You also can label your own feelings out loud: “I’m so happy right now” or “I’m feeling a little frustrated.”

“Even asking the question, ‘what are you feeling right now?’ can start the process of helping kids more easily identify their own emotions.”  

Help your kids process an incident. After your child has calmed down, have a conversation about what happened to trigger their anger. Ask them to talk about what happened earlier in the day or week, along with how that made them feel, Halloran said. This is “an opportunity to help kids start to explore their emotions and make the connection between their feelings and how they react.”

Encourage journaling. “Sometimes, it’s easier to write about than talk about hard things,” Halloran said. For kids who can do some writing, journaling may be cathartic. After your child is done journaling, Halloran suggested talking about something good or something your child is looking forward to.   

Use anger-related resources.

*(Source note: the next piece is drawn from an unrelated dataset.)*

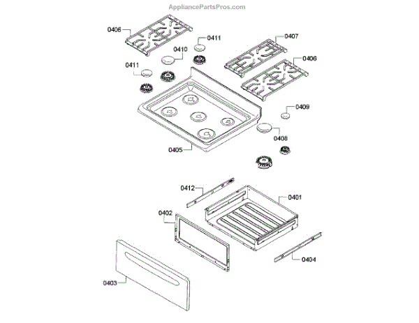 Parts for Bosch HGS3063UC/11: Burner & Drawer Assembly Parts

Two of Halloran’s favorite resources on anger and kids are: How to Take The Grrrr Out of Anger by Elizabeth Verdick and Marjorie Lisovskis and What to Do When Your Temper Flares by Dawn Huebner. With the first book Halloran typically reads a chapter at a time and then works on some of the strategies. The latter title includes lovely illustrations and “anger-dousing” methods, she said.

Anger is a tricky emotion. It’s understandable why many of us feel uncomfortable around it. But when we teach our kids to ignore any of their emotions, we teach them to distrust those emotions. We teach them to bury their anger—until it intensifies and erupts, hurting them or someone else. We teach them to stay quiet, and ultimately to distrust themselves.

Along with trying the above suggestions, work on healing your own relationship with anger. It’s one of the best things we can do for our kids. Because it always starts with us, doesn’t it?